The fact that these terms are highly formal should not deter from their casual use when intent warrants it. RFC 2119 is called for wherever there is a formal requirement of some sort. In practical terms, this mostly correlates with whether the given statement spells out a condition that would have to be checked in code that implements the spec. Certainly you want to formally define every aspect of the specification whose implementation you’d excercise with a unit test.

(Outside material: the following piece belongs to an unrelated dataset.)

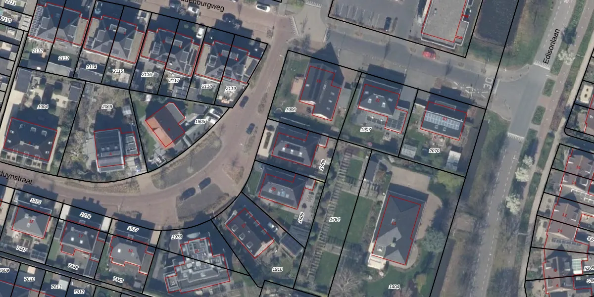 Gebruik de zoekbalk of klik op een perceel voor informatie over de adressen binnen dit perceel.

Writing specifications is a weird beast of an activity. It is programming – except not of computers, but programmers. In a sense we might call it meta-programming: a code that instructs programmers about how to write a program. (Remember the original sense of “meta” in metaphysics: “beyond the physics” – where “beyond” prosaically refers to which shelves in the library such books were to be found. But I digress.) Their programming language, obviously, is human language. In human communication, ambiguity and imprecision improves efficiency – and lends itself to poetry besides. Specificiations, however, need to be as precise as possible (including being precise about where they’re not). For better or for worse, poetry is rarely desirable, but unambiguous language is, and that is where RFC 2119 comes in. It is a syntax for specification programming, if you will. Think of RFC 2119 statements as the code, and of informal statements as comments.

That should make it obvious why formal language is always appropriate. Do not shy away from using it, it gives a clear distinction between code and comments and makes the code more precise.